- **Given data**:
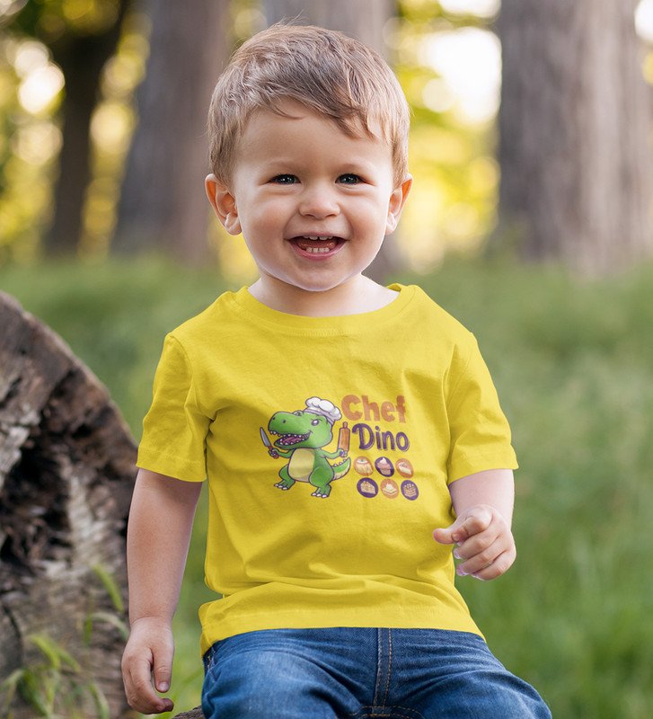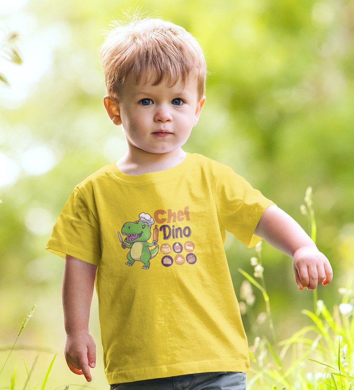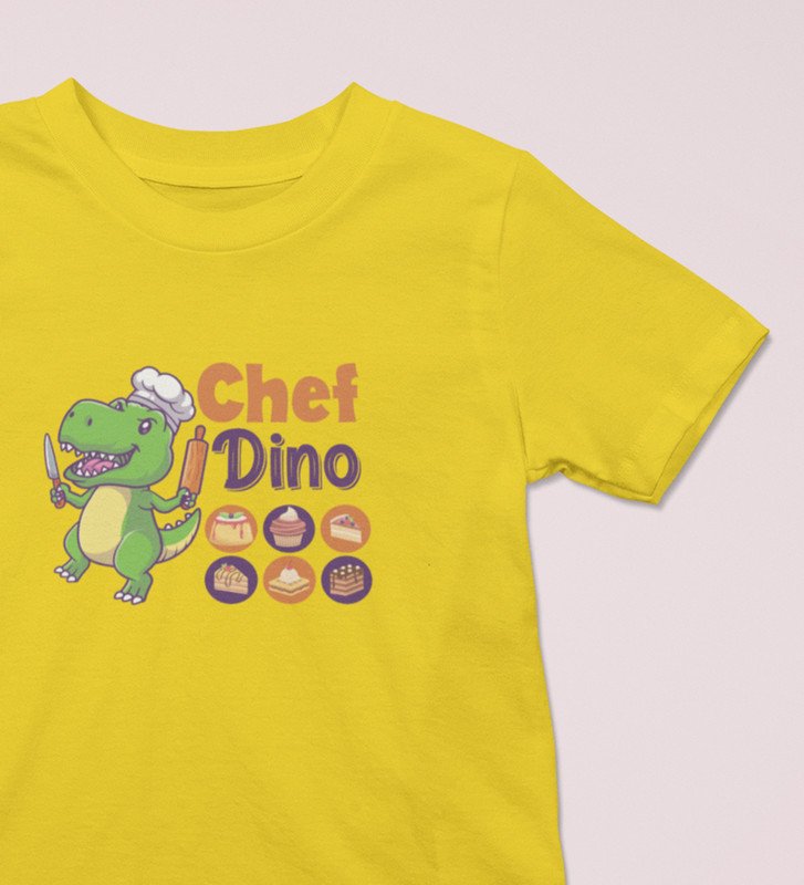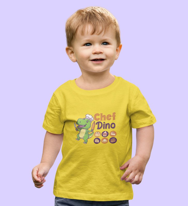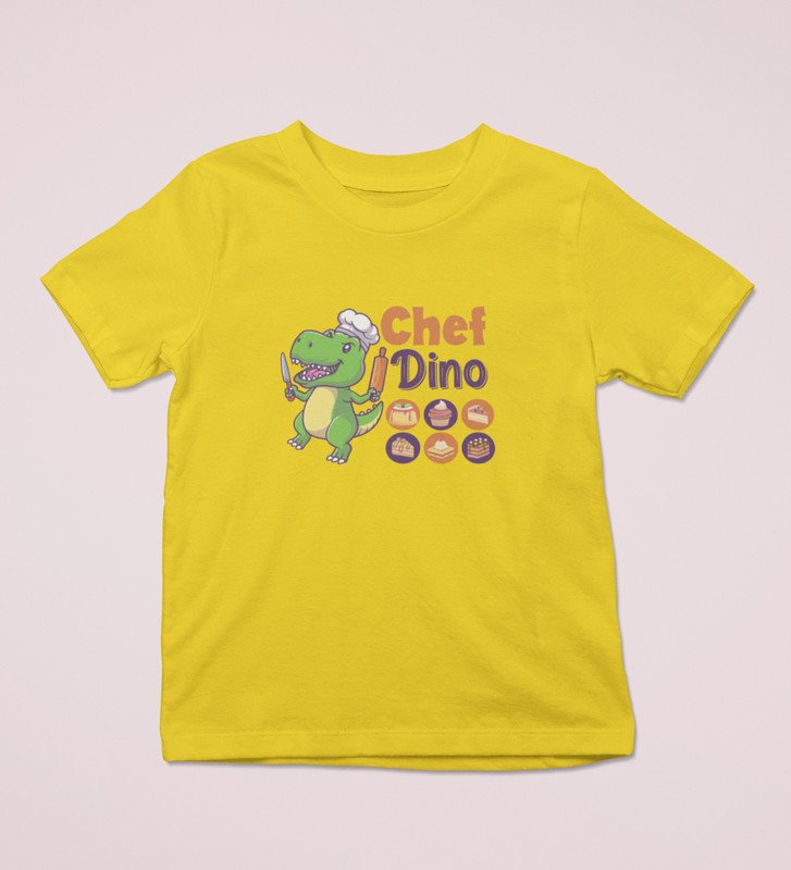 Chef Dino, Printed Cotton Tshirt (Yellow) for Boys
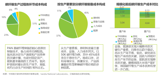 规模效益:通过规模化生产,碳纤维生产成本可大幅降低,如中科院宁波材料所数据显示,生产成本可从9.88美元/kg降至2.03美元/kg。
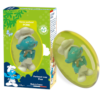 Ce savon délicatement parfumé à la poire nettoie la peau des petits et des grands. Se laver devient un jeu d'enfant grâce aux figurines Schtroumpfs à collectionner !
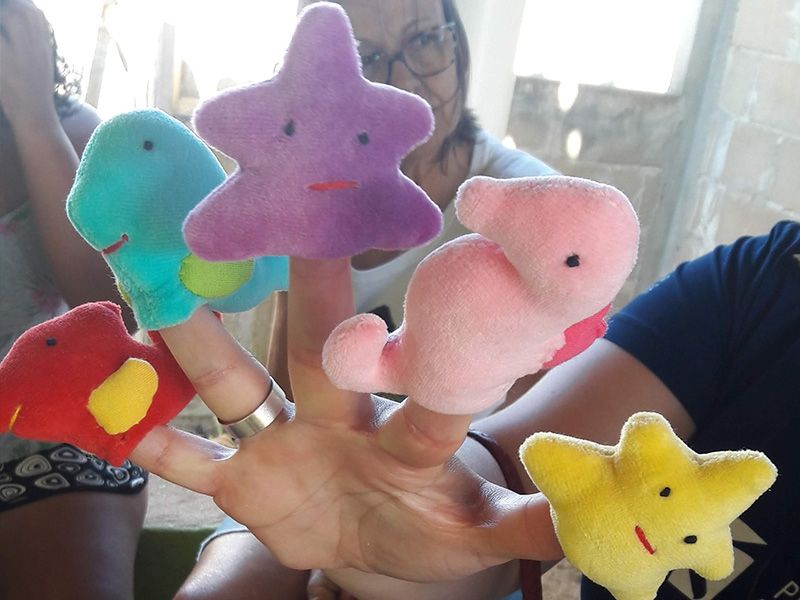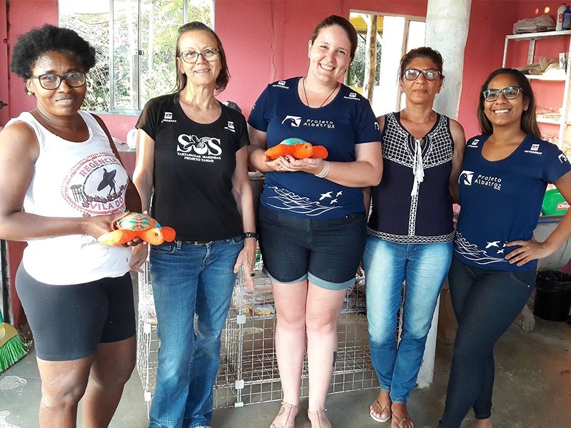 As representantes da entidade conversaram com a equipe do Projeto Albatroz sobre as peças de artesanato desenvolvidas por elas. Com apoio do Tamar, que cede espaço e sobras de tecido e materiais das fábricas, as mulheres produzem peças inspiradas no ecossistema marinho. O valor da venda dos produtos artesanais é revertido em renda para as artesãs.
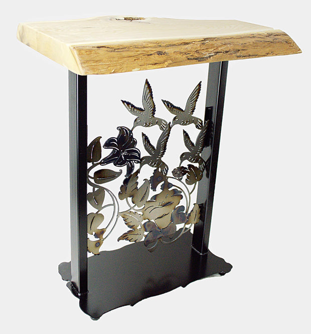 This table is a black powder coated steel base with a natural edge Walnut top and a polyurethane finish. The scene is held on with strong magnets making it interchangeable so you can easily customize the table and change the scene to fit a changed environment or mood.   The current designs are shown but we can fit any of our existing wall art designs.    Additional images are available for $89 each.
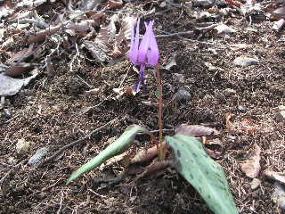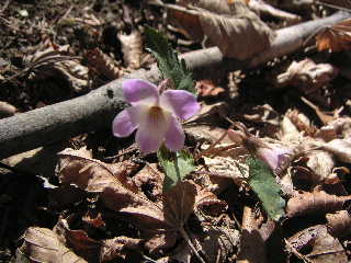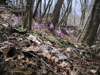 しばらくは下草もほとんどなく、もくもくと登っていく。2回目の夫が「こんなに急だったっけ・・忘れちゃうもんだな」と笑ってる。私もこれで5回目くらいだが、急登は憶えていても苦しかったことは忘れている。普通嫌なことや苦しいことは繰り返せば警戒することを学習するものだが登山はどうしてこうも馬鹿になれるものか。 サス沢山で小休止し、奥多摩湖を眺めてから再び歩き出す。そのうち夫が踵の靴擦れを気にしだした。カタクリが現れてきたのもそのころだった。 広いところで休憩し、夫は靴擦れのケアをし、私は周辺でカタクリやスミレにカメラを向ける。 |
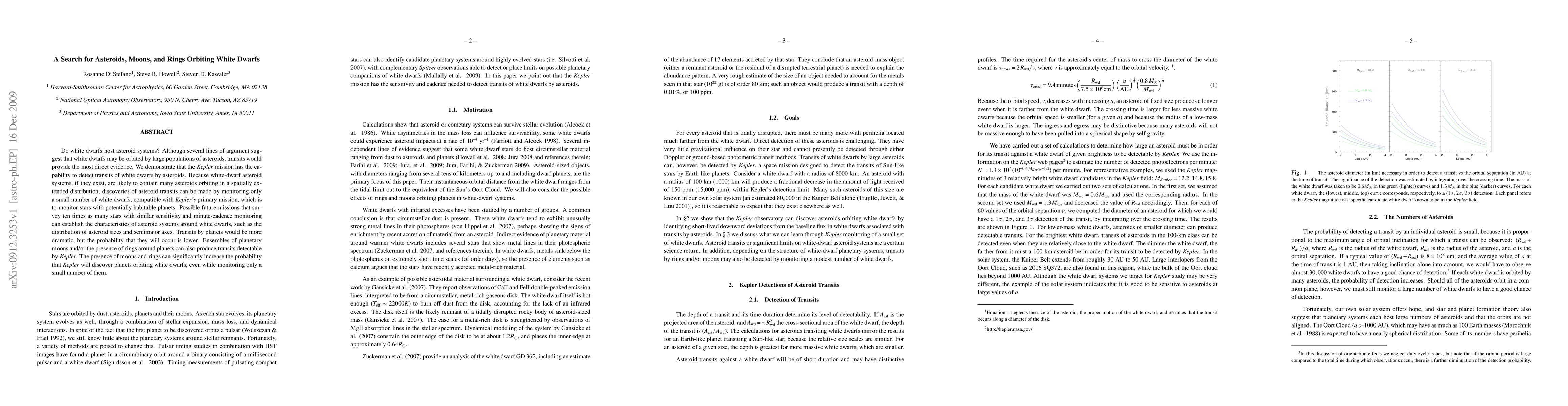 This paper explores the potential for asteroid systems around white dwarfs using Kepler mission data, demonstrating that transits can provide direct evidence. It suggests that future missions could further study these systems to determine asteroid distributions and the presence of moons and rings.
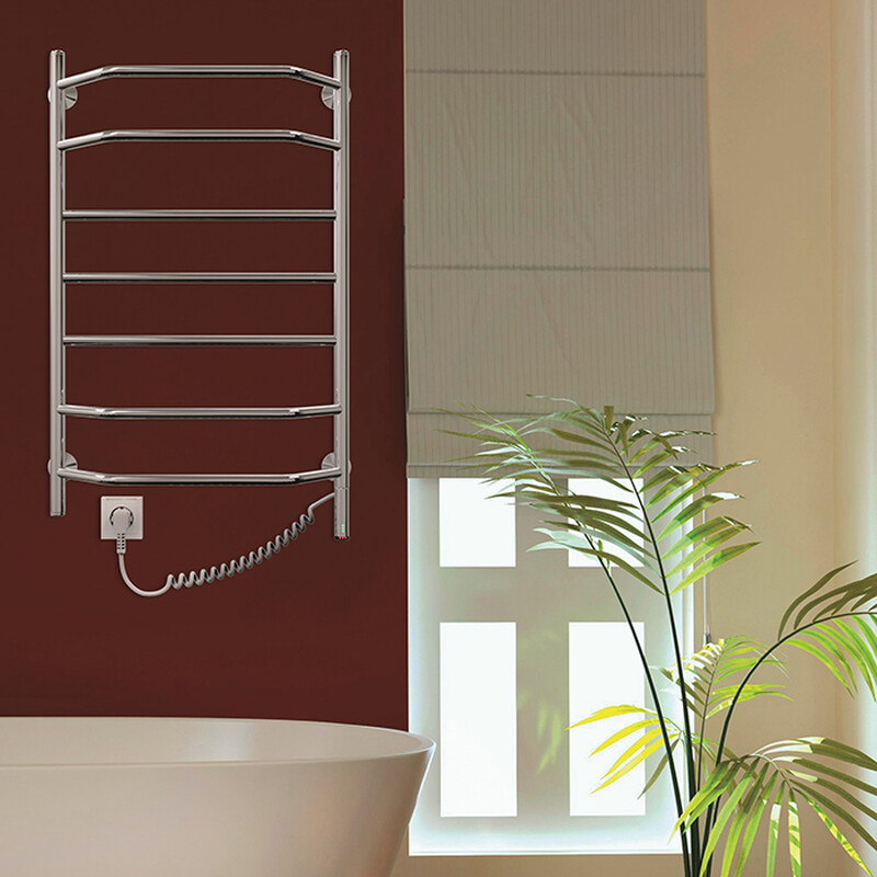 Электрический полотенцесушитель изготавливается по ТУ 3468¬001¬73870861¬2007 из высококачественной нержавеющей стали марки AISI 304, устанавливается на стене на специальных кронштейнах (входят в комплект к изделию) и подключается к источнику тока 220-240В, 50Гц. Длина шнура – 1,5м. Температура нагрева полотенцесушителя, допустимая санитарными правилами 65 С.

- **Exercise brief**: Keep every word of the records and none of the pictures when you print them again.

- **Written solution**:
 Chef Dino, Printed Cotton Tshirt (Yellow) for Boys
 规模效益:通过规模化生产,碳纤维生产成本可大幅降低,如中科院宁波材料所数据显示,生产成本可从9.88美元/kg降至2.03美元/kg。
 Ce savon délicatement parfumé à la poire nettoie la peau des petits et des grands. Se laver devient un jeu d'enfant grâce aux figurines Schtroumpfs à collectionner !
 As representantes da entidade conversaram com a equipe do Projeto Albatroz sobre as peças de artesanato desenvolvidas por elas. Com apoio do Tamar, que cede espaço e sobras de tecido e materiais das fábricas, as mulheres produzem peças inspiradas no ecossistema marinho. O valor da venda dos produtos artesanais é revertido em renda para as artesãs.
 This table is a black powder coated steel base with a natural edge Walnut top and a polyurethane finish. The scene is held on with strong magnets making it interchangeable so you can easily customize the table and change the scene to fit a changed environment or mood.   The current designs are shown but we can fit any of our existing wall art designs.    Additional images are available for $89 each.
 しばらくは下草もほとんどなく、もくもくと登っていく。2回目の夫が「こんなに急だったっけ・・忘れちゃうもんだな」と笑ってる。私もこれで5回目くらいだが、急登は憶えていても苦しかったことは忘れている。普通嫌なことや苦しいことは繰り返せば警戒することを学習するものだが登山はどうしてこうも馬鹿になれるものか。 サス沢山で小休止し、奥多摩湖を眺めてから再び歩き出す。そのうち夫が踵の靴擦れを気にしだした。カタクリが現れてきたのもそのころだった。 広いところで休憩し、夫は靴擦れのケアをし、私は周辺でカタクリやスミレにカメラを向ける。 |
 This paper explores the potential for asteroid systems around white dwarfs using Kepler mission data, demonstrating that transits can provide direct evidence. It suggests that future missions could further study these systems to determine asteroid distributions and the presence of moons and rings.
 Электрический полотенцесушитель изготавливается по ТУ 3468¬001¬73870861¬2007 из высококачественной нержавеющей стали марки AISI 304, устанавливается на стене на специальных кронштейнах (входят в комплект к изделию) и подключается к источнику тока 220-240В, 50Гц. Длина шнура – 1,5м. Температура нагрева полотенцесушителя, допустимая санитарными правилами 65 С.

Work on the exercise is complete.